SQL is a language every analyst and data scientist should know. There’s no escaping from this. You will be peppered with SQL questions in your analytics or data science interview rounds, especially if you’re a fresher in this field.
If you’ve been putting off learning SQL recently, it’s time to get into action and start getting your hands dirty. You would have to learn about databases to work with data so why not start your SQL journey today?
I’ve personally been working with SQL for a while and can attest to how useful it is, especially in these golden data-driven times. SQL is a simple yet powerful language that helps us manage and query data directly from a database, without having to copy it first.
It is also very easy to understand because of the various clauses that are similar to those used in the English language. So writing SQL commands will be a piece of cake for you!
And given the proliferation of data all over the world, every business is looking for professionals who are proficient in SQL. So once you add SQL skill to your resume, you will be a hotshot commodity out in the market. Great, but where to begin?
There are many different database systems out there, but the simplest and easiest to work with is SQLite. It is fast, compact, and stores data in an easy to share file format. It is used inside countless mobile phones, computers, and various other applications used by people every day. And the most amazing part, it comes bundled with Python! Heck, there is a reason why giants like Facebook, Google, Dropbox, and others use SQLite!
In this article, we will explore how to work with databases in Python using SQLite and look into the most commonly used SQL commands. So let’s start by asking the very basic question — what on earth is a database?
Table of Contents
- What is a Database?
- What is SQL?
- Why Should you use SQLite?
- Connecting to an SQLite Database
- Creating tables using SQL
- Inserting values in a table using SQL
- Fetching records from a table using SQL
- Loading a Pandas DataFrame into SQLite Database
- Reading an SQLite Database into a Pandas DataFrame
- Querying SQLite Database
- Where clause
- Group By clause
- Order By clause
- Having clause
- Join clause
- Update statement
- Delete statement
- Drop-Table statement
What is a Database?
It is structured so as to provide easy access and manipulation of the stored data. Organizations use it to store any information that may be necessary for the decision-making process. The major advantages of databases over normal file storage systems are that it reduces data redundancy to a large extent, facilitates sharing of data among various users, and ensures the security of data which may be of immense importance to an organization.
While there are various types of databases and their choice of usage varies from organization to organization, the most basic and widely used is the Relational Database model. It organizes the data into tables where each row holds a record and is called a tuple. And each column represents an attribute for which each record usually holds a value.

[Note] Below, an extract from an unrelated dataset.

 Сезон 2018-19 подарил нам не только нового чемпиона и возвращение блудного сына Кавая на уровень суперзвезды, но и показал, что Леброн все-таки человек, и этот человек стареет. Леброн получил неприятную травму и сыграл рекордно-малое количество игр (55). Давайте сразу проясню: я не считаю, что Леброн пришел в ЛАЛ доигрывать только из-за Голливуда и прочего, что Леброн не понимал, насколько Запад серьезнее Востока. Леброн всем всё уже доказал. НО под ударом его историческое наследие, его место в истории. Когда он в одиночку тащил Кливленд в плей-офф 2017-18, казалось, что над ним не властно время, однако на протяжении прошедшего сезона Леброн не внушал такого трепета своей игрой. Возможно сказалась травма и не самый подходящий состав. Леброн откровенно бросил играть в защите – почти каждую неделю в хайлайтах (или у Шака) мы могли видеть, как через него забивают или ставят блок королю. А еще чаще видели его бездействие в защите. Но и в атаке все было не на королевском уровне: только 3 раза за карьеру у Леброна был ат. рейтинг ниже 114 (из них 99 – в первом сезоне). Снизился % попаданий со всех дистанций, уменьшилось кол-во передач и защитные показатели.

A Relational database breaks down different aspects of a problem into different tables so that storing them and manipulating them becomes an easy task. For example, an e-commerce website maintaining a separate table for products and customers will find it more useful for doing analytics than saving all of the information in the same table.
Database Management System (DBMS) is a software that facilitates users and different applications to store, retrieve, and manipulate data in a database. Relational Database Management System or RDBMS is a DBMS for relational databases. There are many RDBMS like MYSQL, Postgres, SQL Server, etc. which use SQL for accessing the database.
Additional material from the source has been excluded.